= Avery Memorial Association =

The Avery Memorial Association of Groton, CT is a family organization founded in 1895 after the burning of the old Avery Homestead. It was incorporated as a non-profit institution in 1896.

The objective of the Avery Memorial Association is the collection and preservation of objects, documents, memorabilia, buildings, and places which have been connected with members of the family of Captain James Avery of Groton, CT, particularly to maintain the site of the home built about 1656 at Poquonnock Plains, which was occupied by descendants of Captain James Avery until completely destroyed by fire on July 20, 1894, and the memorial monument thereon; also, to provide and preserve such further monumental or other memorials or buildings as may fitly commemorate the distinguished services rendered by the said Captain James Avery or his descendants to the Colony or the State of Connecticut, including the Ebenezer Avery House now located on the grounds of Fort Griswold in Groton; also, to explore the historical background of Connecticut, particularly New London County, and to publish or otherwise make available to the public, including schools, such findings as in any way will further enhance public appreciation and knowledge of the local historical heritage and, finally, to do any and all things which relate directly or indirectly to any of the above exclusive purposes which will advance such purposes.

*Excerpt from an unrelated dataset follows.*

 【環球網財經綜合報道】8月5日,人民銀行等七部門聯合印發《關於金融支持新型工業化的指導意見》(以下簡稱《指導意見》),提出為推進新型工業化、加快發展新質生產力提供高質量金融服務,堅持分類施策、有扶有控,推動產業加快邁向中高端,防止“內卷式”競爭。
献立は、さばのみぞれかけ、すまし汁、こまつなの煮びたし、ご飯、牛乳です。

The Avery Memorial Association has undertaken two major projects, the first being the raison d'être, preservation of the Avery Monument, and the restoration & operation of the Ebenezer Avery House, a historic house museum.

There are two kinds of membership: Regular Members (who are able to prove their lineage linking them to the Groton Avery Clan) and Friends. The Association holds a meeting/reunion every year in the Groton, CT area.

== History ==

The old Avery Homestead, nicknamed "The Hive" or "Avery Hive", was built around 1656 at Poquonnock Plains, and was improved upon by the second Captain James Avery who removed "the unadorned church and watch-tower of the wilderness" in 1684 and carried the materials back to the house and used them in its improvement. Seven generations of the Avery family lived in the house for over 230 years until it was destroyed on July 20, 1894, from a spark from the engine of a passing steam train.

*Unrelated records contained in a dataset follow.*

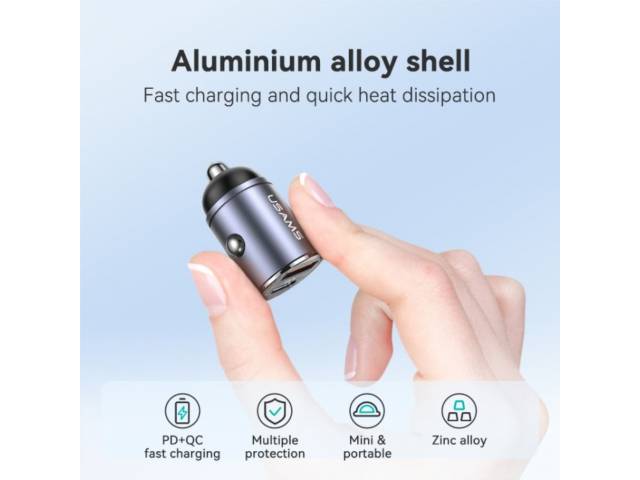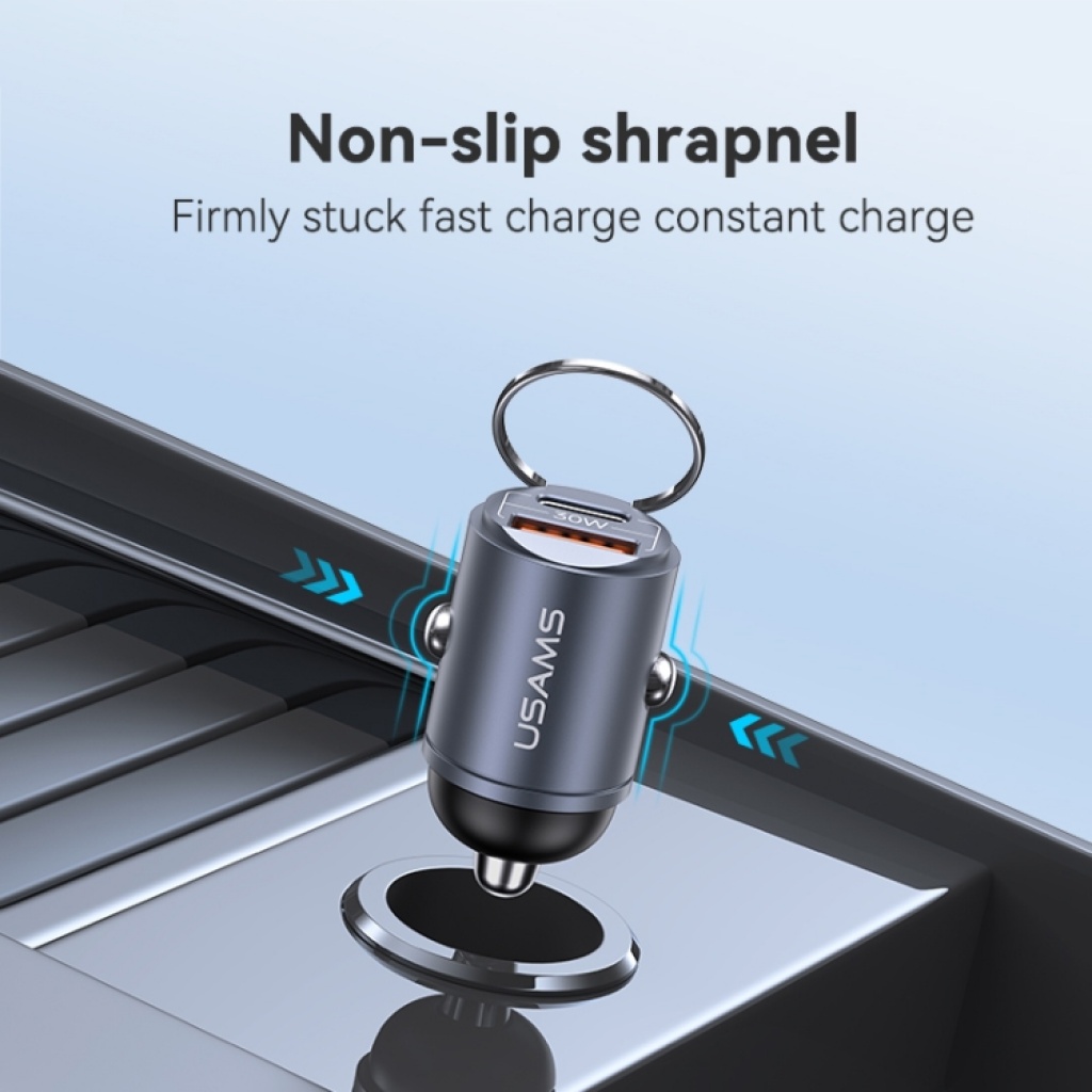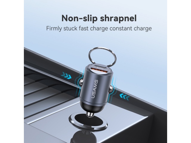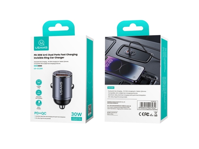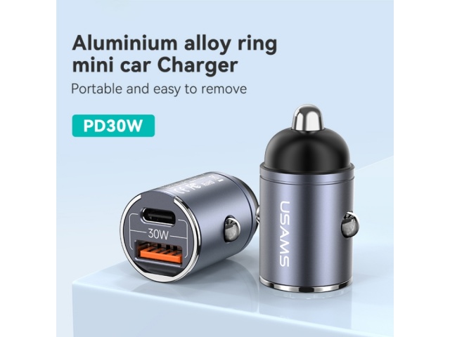 Cargador Auto Mini C38 30W USB A + USB C C/Anillo Negro CC206 USAMS
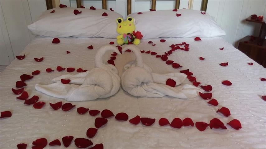 ♥ Decoración con pétalos de rosa.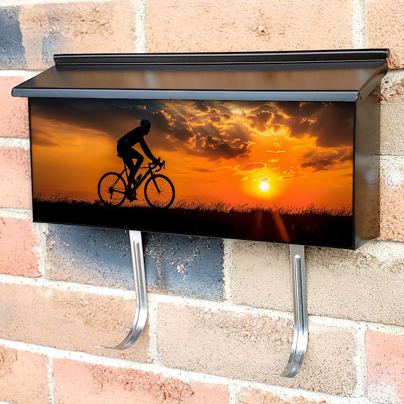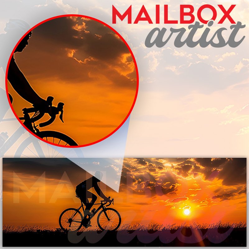 Applying your Cyclist At Sunset townhouse / ranch mailbox cover it’s pretty easy to convert your mailbox to a special and unique item. These covers require a flat surface, so they work with townhouse / ranch mailboxes that do not have any embossed decoration or signs. Magnetic mailbox covers work with steel boxes, for aluminum and plastic boxes we offer the self-adhesive vinyl covers. In case your mailbox doesn’t work with these covers, you can purchase the preinstalled cover on a brand new mailbox as well. Also, you can create your custom townhouse / ranch mailbox cover using you own pictures, adding your name, street number, etc.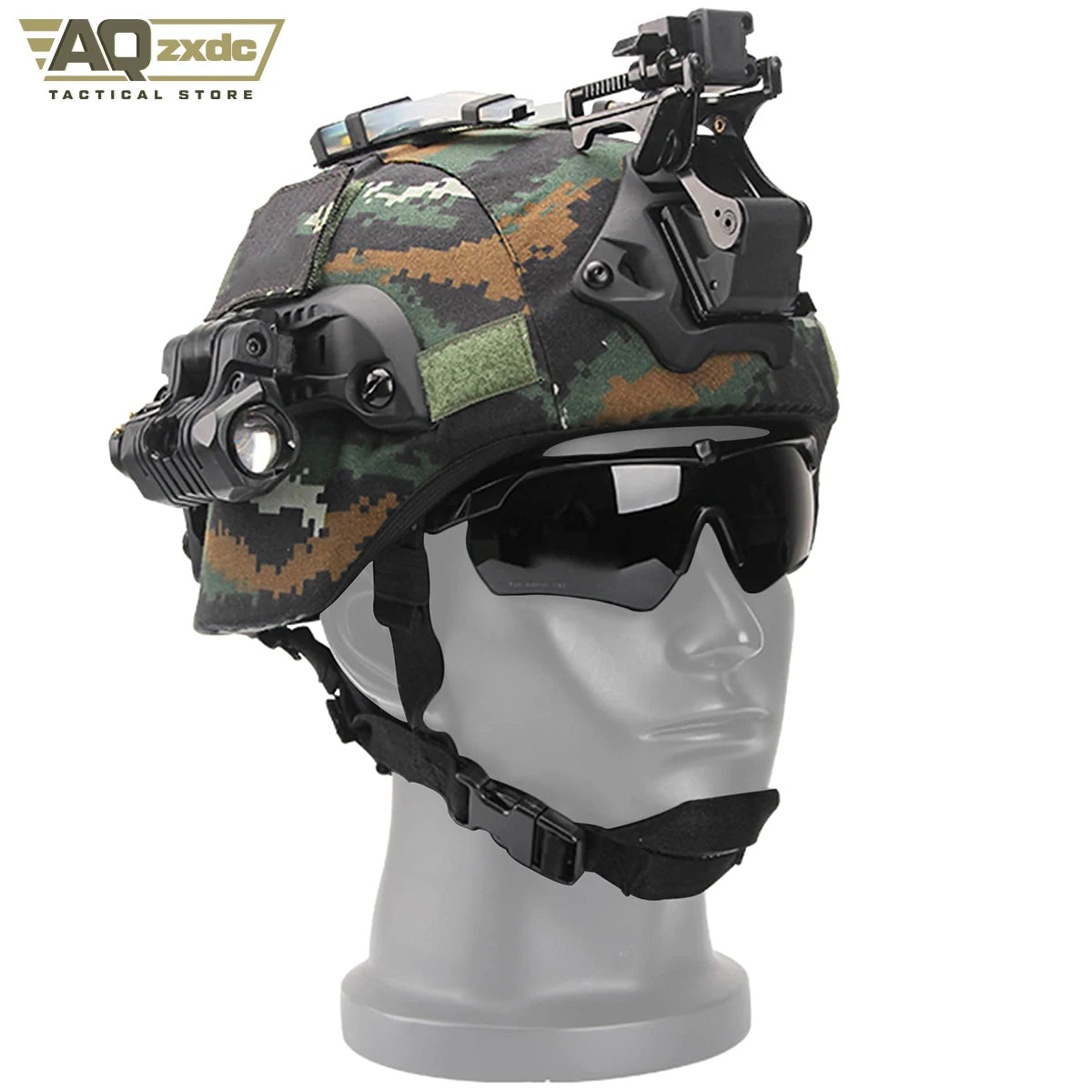 AQzxdc Airsoft Helmet Set (7mm), with Tactical Goggles, Helmet Cover, PVS15/18 NVG Mount, Helmet Signal Light, Flashlight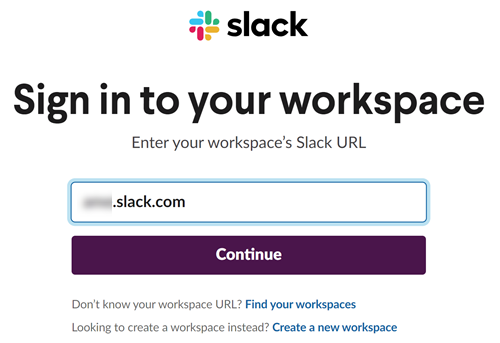 Select Slack Enterprise.Select Connect to Slack Enterprise Account.Enter your team’s Slack domain or workspace (top-level enterprise organization), then Continue.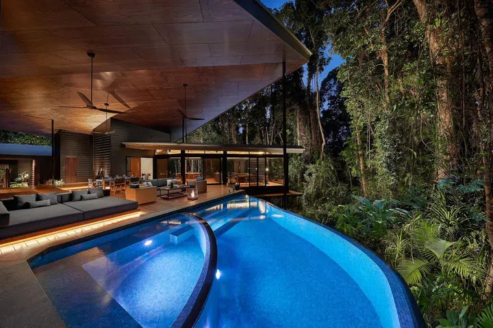 戴恩树国家公园(Daintree National Park)位于昆士兰北部,拥有古老的蕨类植物、翠绿藤蔓、动辄几十米高的千年树冠,电影《阿凡达》的画面灵感便是源于此。栖身于国家公园中的生态旅馆Silky Oaks Lodge是澳大利亚精品酒店系列(Luxury Lodges of Australia)的成员之一,依陡峭山势而建,有50间搭在树林中的树屋,37间散落于浓密丛林中,13间坐落于莫斯曼河面上。客厅及浴室采用全开放式设计,让住客享受名符其实的“森林浴”。酒店房间也具备五星级的生态标准,采用可更新或可再生的建材,并加入节能设计理念。入住期间,跟随当地原住民领队带路,探索充满生机的绿色雨林,沉浸于宛如世外桃源的原始气息。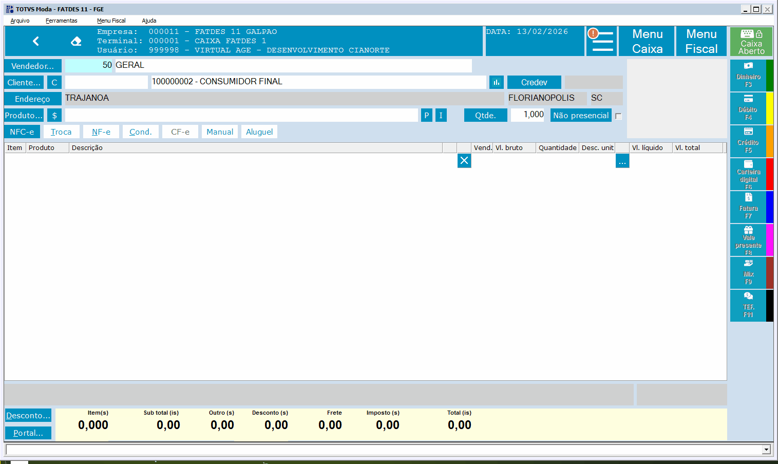 Agora quando for perguntado se deseja informar o CPF sendo próprio ou de terceiro, o sistema na validação da regra do parâmetro corporativo DS_LST_VL_OBRIGA_CPF_NFCE não irá mais dar a mensagem de validação, pois foi informado o CPF/CNPJ no início da venda. A tela para informar o CPF/CNPJ será somente chamado conforme as regras atuais de UF e limite de valor mas caso não tenha sido informado o CPF/CNPJ no início da venda.

The Groton Avery Clan formed the Avery Memorial Association in 1895 to memorialize the beginnings of the Avery Clan in the Connecticut Colony. The following year it was incorporated as a non-profit, charitable, cultural and educational institution for historic preservation.

== Presidents ==
- 1895–1896 James D. Avery
- 1897–1899 Allyn Avery
- 1900–1935 Elroy M. Avery
- 1936–1955 Christopher L. Avery
- 1956–1967 Deane Avery
- 1968–1975 Amos G. Avery
- 1976–1983 Catherine B. Avery
- 1984–1992 Peter Schellens
- 1993–1995 Catherine Leary
- 1996–2006 Peter Schellens
- 2006–present Stephanie Lantiere

== Monument ==
James Denison Avery deeded the Association the homestead "Hive" site where the monument now stands. Designed by American sculptor and Avery descendant Bela Lyon Pratt, the monument consists of a granite shaft and a bust of a "typical Puritan, magistrate and Indian fighter." The monument rises from the center of where The Hive stood. On July 20, 1900, the monument was formally dedicated in front of 600 Avery descendants. Association President Dr. Elroy M. Avery presided, Helen Morgan Avery unveiled the bust and Frank Montgomery Avery delivered the dedication. The monument was rededicated on its centennial by Cooper Avery Johnson in front of a crowd of 100 Avery descendants.

== Ebenezer Avery House ==

The Ebenezer Avery House was originally located on the corner of Latham and Thames Streets in Groton, Connecticut. Ebenezer Avery was a tailor. His house is believed to have been constructed in the 1760s. It was the location where the British brought the injured soldiers after the Battle of Groton Heights on September 6, 1781. In 1971, the house was moved from its original location closer to the site of the Battle of Groton Heights to Fort Griswold Battlefield State Park in Groton and restored. Though it stands in a state park, the historic house museum continues to be maintained by the Avery Memorial Association.